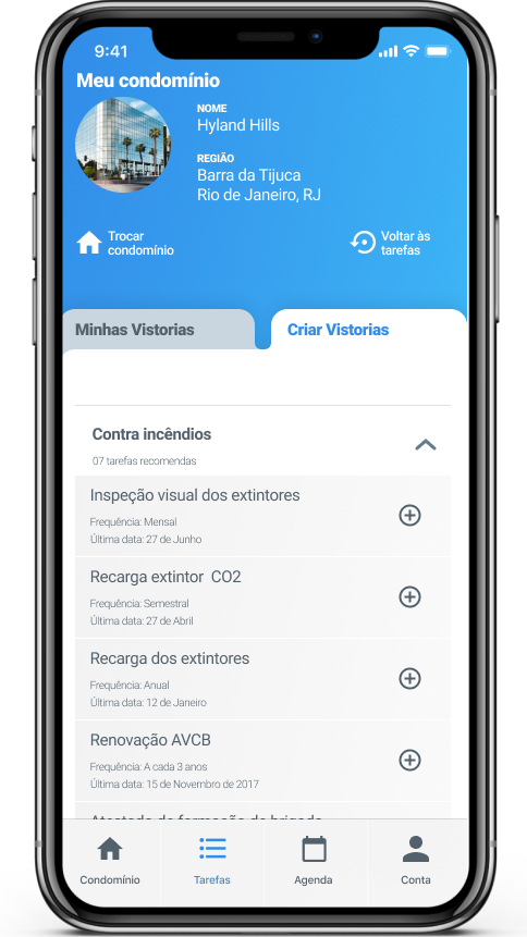 A plataforma é inteligente e, com base em algumas informações, consegue fornecer as tarefas necessárias para o seu dia a dia no condomínio. Para adicionar basta clicar na atividade e selecionar a data da última realização. E, se quiser, pode até mesmo integrar a sua agenda pessoal. Deixa isso com a gente!
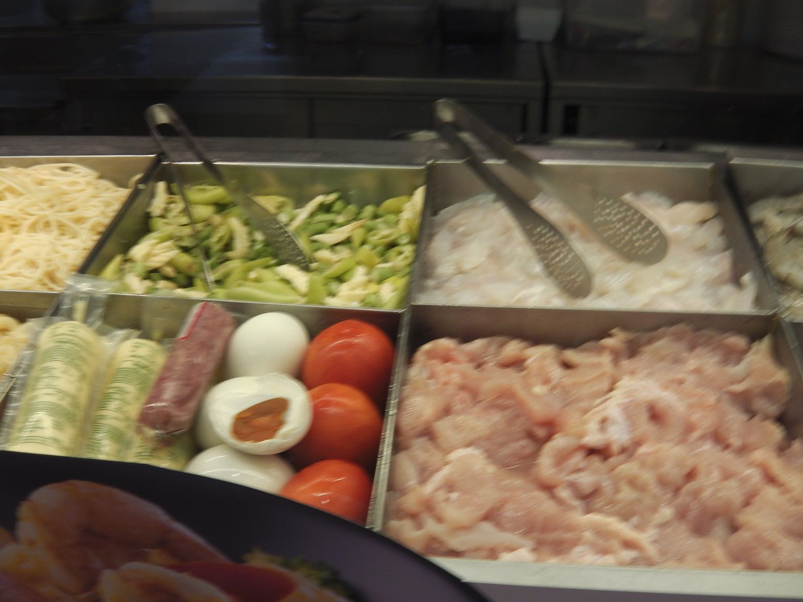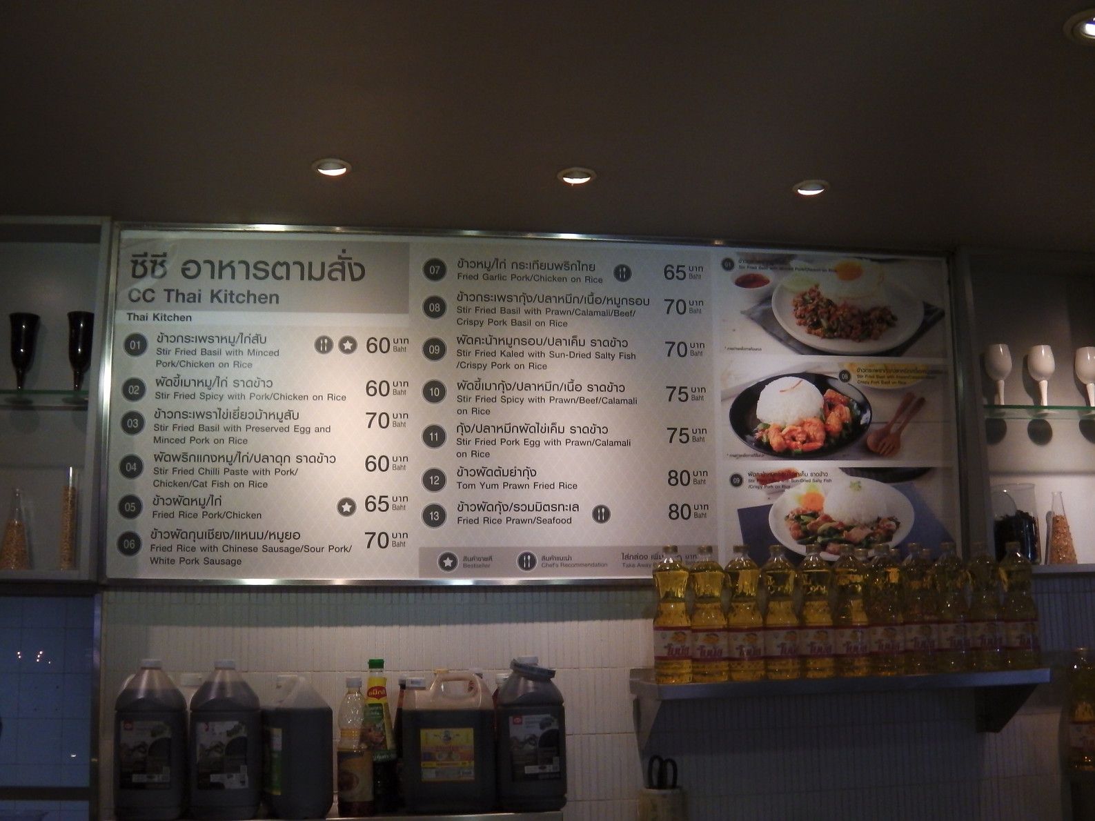 一時は、この平麺を食べようかと思ったが、結局は。。。タイ飯に決めた。パッカパオガイ+目玉焼きを注文。
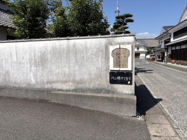 え?「パン焼けてます」ですと?なんて魅力的なお誘い。「こちら」と書いてある矢印の方に吸い込まれるように歩いて行きました。 すると白壁屋敷のパン屋さんがあるではないですか!
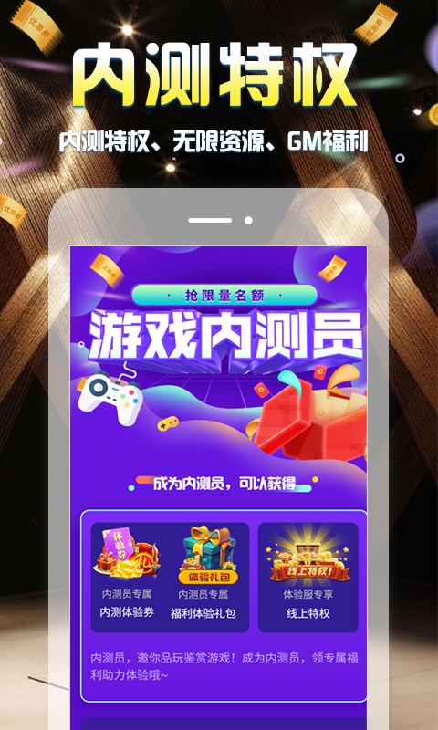-删档内测、热门游戏抢先玩,福利应有尽有;

......

> Instructions for the task: Return all of the lines above without alteration, minus the pictures.

> Task response:
 A plataforma é inteligente e, com base em algumas informações, consegue fornecer as tarefas necessárias para o seu dia a dia no condomínio. Para adicionar basta clicar na atividade e selecionar a data da última realização. E, se quiser, pode até mesmo integrar a sua agenda pessoal. Deixa isso com a gente!
 一時は、この平麺を食べようかと思ったが、結局は。。。タイ飯に決めた。パッカパオガイ+目玉焼きを注文。
 え?「パン焼けてます」ですと?なんて魅力的なお誘い。「こちら」と書いてある矢印の方に吸い込まれるように歩いて行きました。 すると白壁屋敷のパン屋さんがあるではないですか!
-删档内测、热门游戏抢先玩,福利应有尽有;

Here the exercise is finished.